"""
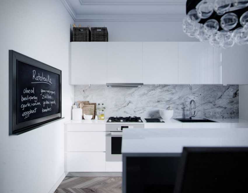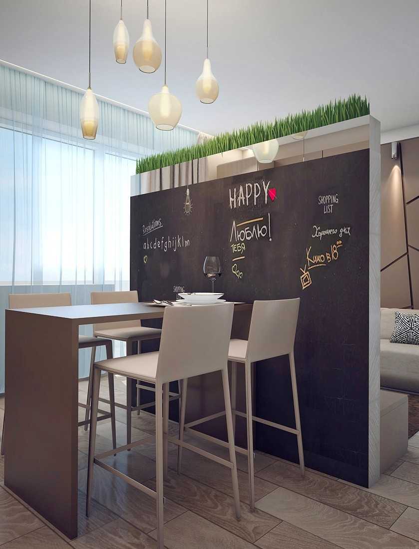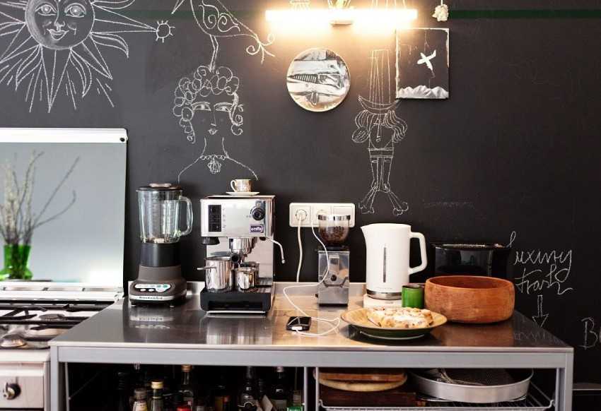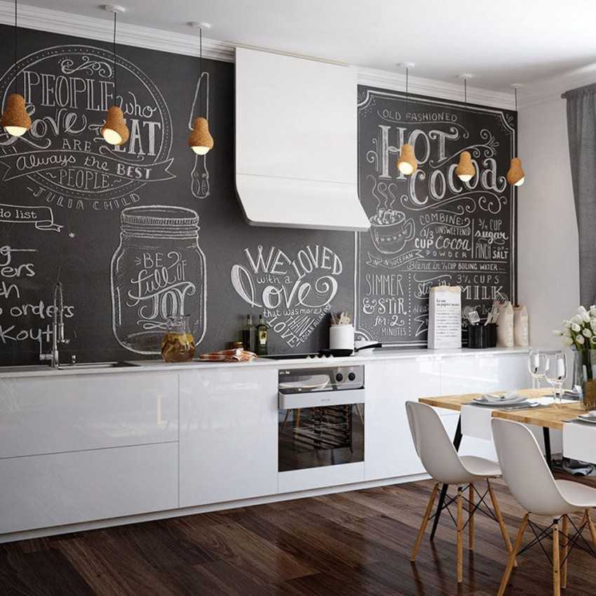 Грифельная доска поможет достаточно практично занять стенное пространство, при этом не займет лишнего места. При желании ее можно просто разукрасить, и дизайн интерьера кухни заиграет по-новому. Доску можно использовать как отделку для стенного пространства, ведь у нее много декоративных и функциональных преимуществ.
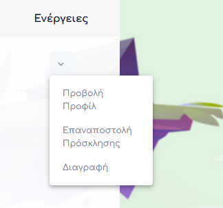 Σε περίπτωση που δεν ενεργοποιηθεί ο λογαριασμός εντός 14 ημερών και πάλι από την κολώνα Ενέργειες ο οργανισμός έχει την επιλογή Επαναποστολής της Πρόσκλησης ή και Διαγραφής.
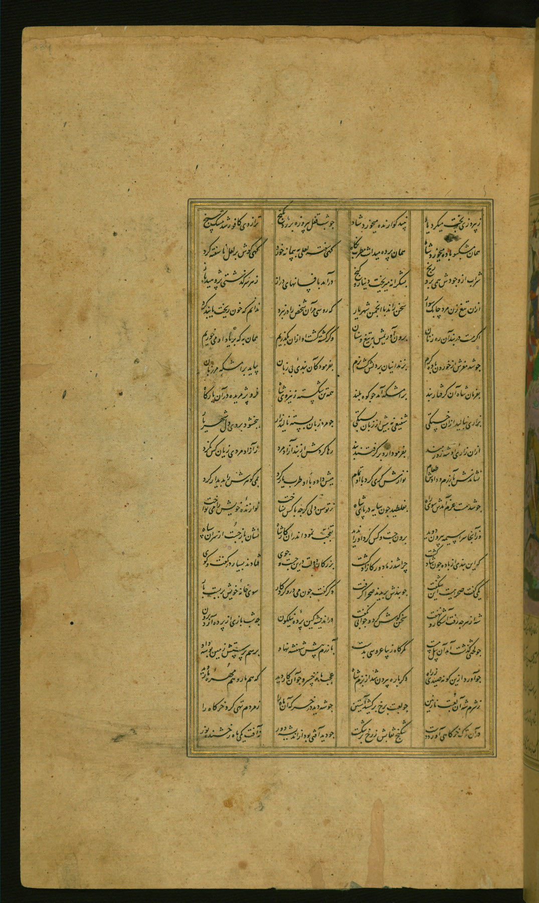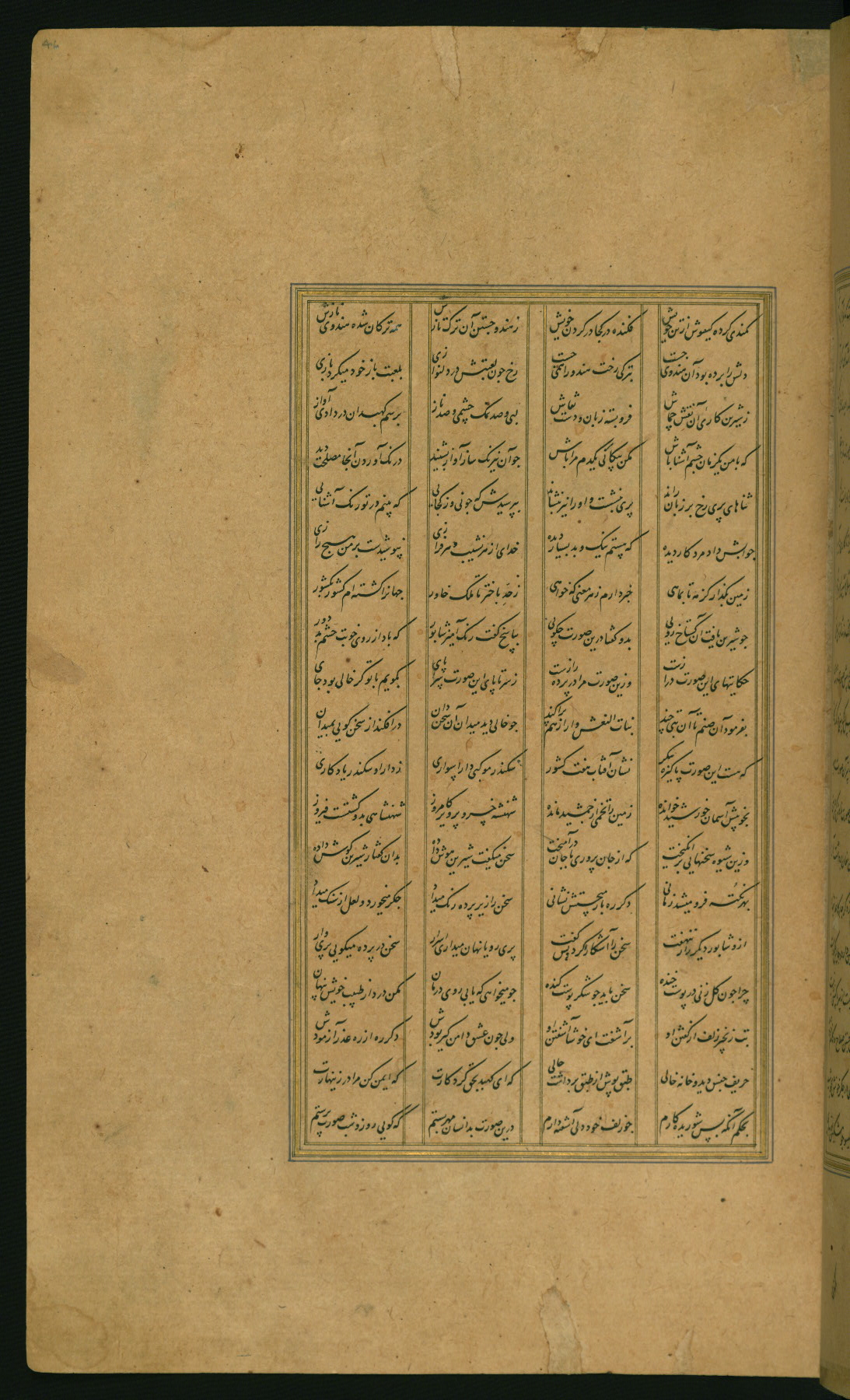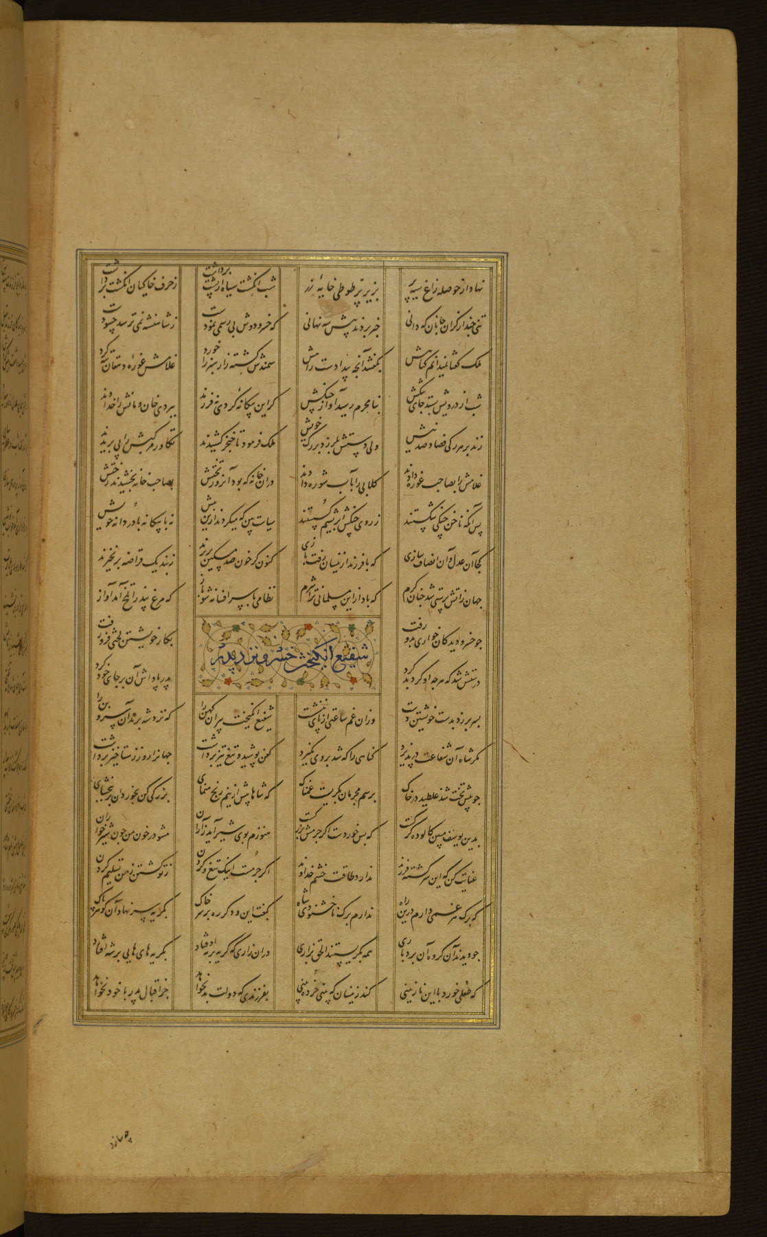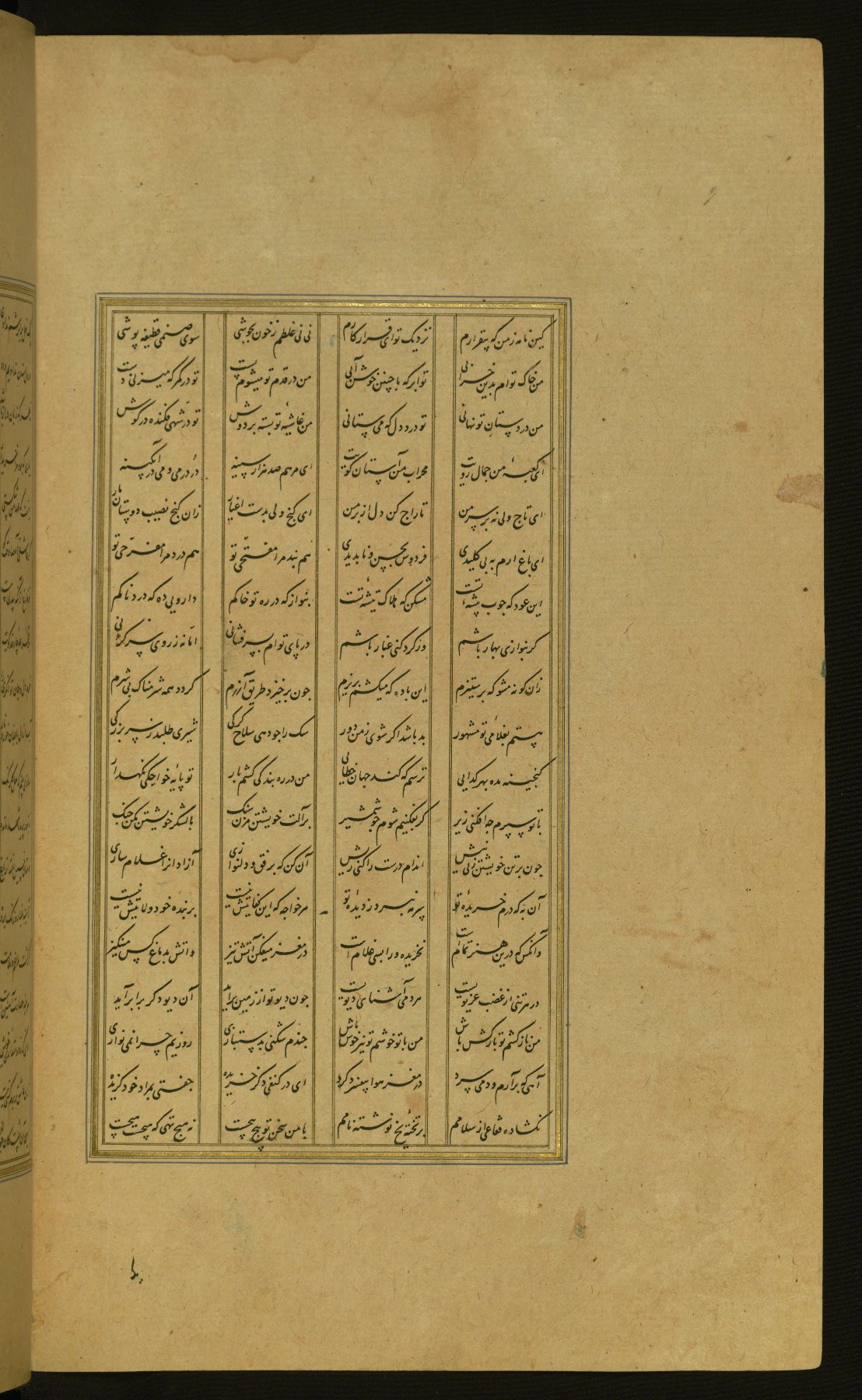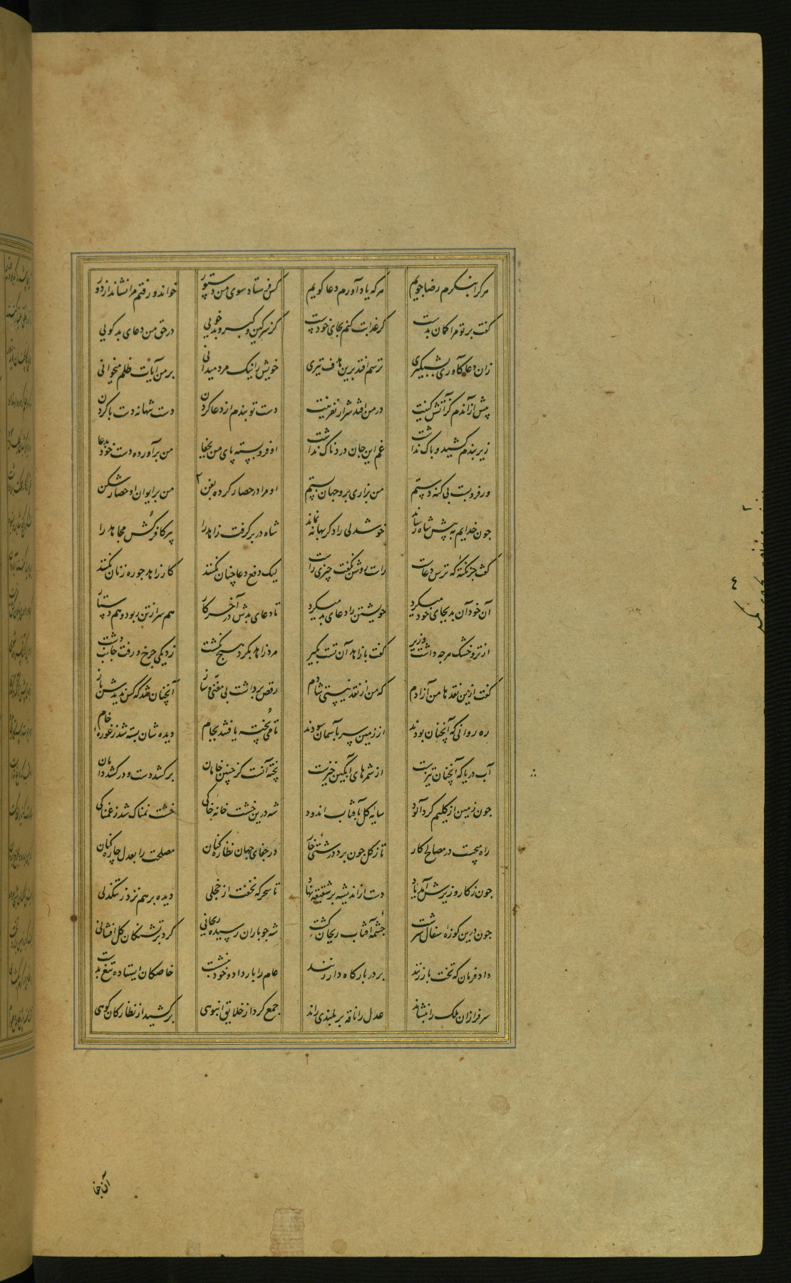 This illuminated and illustrated copy of the Khamsah (quintet) of Niẓāmī Ganjavī (d. 605 AH / 1209 CE) was written by Yār Muḥammad al-Haravī in 922 AH / 1516 CE. Written in four columns in black nastaʿlīq script, this manuscript opens with a double-page illuminated frontispiece signed by ʿAbd al-Wahhāb ibn ʿAbd al-Fattāḥ ibn ʿAlī. It contains thirty-five illustrations that were repainted in India during the twelfth century AH / eighteenth CE. The seal of Muḥammad Asharf ibn Muḥammad Khātam al-Ḥusaynī, dated 1173 AH / 1759-60 CE appears on fols. 1a and 401a. It is possible that the brown leather binding with center and side panels brushed with gold is original to the manuscript but was repaired at a later stage in the codex's history.
"""
→ **AIM OF THE EXERCISE**: Each line from the top of the material through the line containing "Σε περίπτωση που" should be reproduced exactly; please drop any images.

→ **ANSWER TO THIS TASK**:
 Грифельная доска поможет достаточно практично занять стенное пространство, при этом не займет лишнего места. При желании ее можно просто разукрасить, и дизайн интерьера кухни заиграет по-новому. Доску можно использовать как отделку для стенного пространства, ведь у нее много декоративных и функциональных преимуществ.
 Σε περίπτωση που δεν ενεργοποιηθεί ο λογαριασμός εντός 14 ημερών και πάλι από την κολώνα Ενέργειες ο οργανισμός έχει την επιλογή Επαναποστολής της Πρόσκλησης ή και Διαγραφής.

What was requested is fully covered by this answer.